TASK BRIEF
With the pictures left out, retype exactly the lines below starting at the line that contains "Pullover style with" and ending at the line that contains "The example page".

DATA SUPPLIED

○ ○ ○

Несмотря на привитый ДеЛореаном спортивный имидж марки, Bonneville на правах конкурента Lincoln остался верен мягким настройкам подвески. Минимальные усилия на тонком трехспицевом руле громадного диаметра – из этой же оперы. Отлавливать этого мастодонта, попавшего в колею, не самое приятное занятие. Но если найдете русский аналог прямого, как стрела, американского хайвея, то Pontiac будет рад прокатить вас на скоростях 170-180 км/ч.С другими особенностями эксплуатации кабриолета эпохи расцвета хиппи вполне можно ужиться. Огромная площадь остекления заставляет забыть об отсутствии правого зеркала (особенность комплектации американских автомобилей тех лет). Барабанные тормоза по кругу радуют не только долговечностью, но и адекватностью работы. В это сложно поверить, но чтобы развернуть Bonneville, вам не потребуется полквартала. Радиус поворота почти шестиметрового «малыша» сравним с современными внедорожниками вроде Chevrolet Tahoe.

○ ○ ○

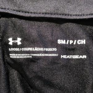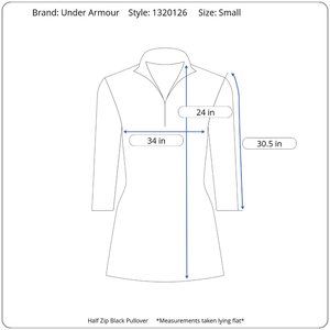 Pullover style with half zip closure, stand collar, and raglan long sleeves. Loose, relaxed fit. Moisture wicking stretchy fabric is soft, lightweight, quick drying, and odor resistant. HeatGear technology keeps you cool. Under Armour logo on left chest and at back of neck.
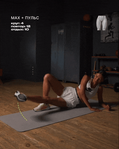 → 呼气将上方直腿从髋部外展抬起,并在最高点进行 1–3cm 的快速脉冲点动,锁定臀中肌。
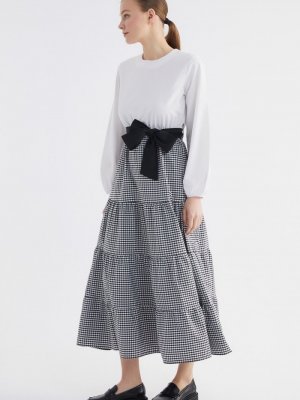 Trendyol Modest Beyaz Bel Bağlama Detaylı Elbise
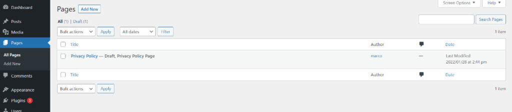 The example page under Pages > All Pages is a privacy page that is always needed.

○ ○ ○

TASK RESPONSE
 Pullover style with half zip closure, stand collar, and raglan long sleeves. Loose, relaxed fit. Moisture wicking stretchy fabric is soft, lightweight, quick drying, and odor resistant. HeatGear technology keeps you cool. Under Armour logo on left chest and at back of neck.
 → 呼气将上方直腿从髋部外展抬起,并在最高点进行 1–3cm 的快速脉冲点动,锁定臀中肌。
 Trendyol Modest Beyaz Bel Bağlama Detaylı Elbise
 The example page under Pages > All Pages is a privacy page that is always needed.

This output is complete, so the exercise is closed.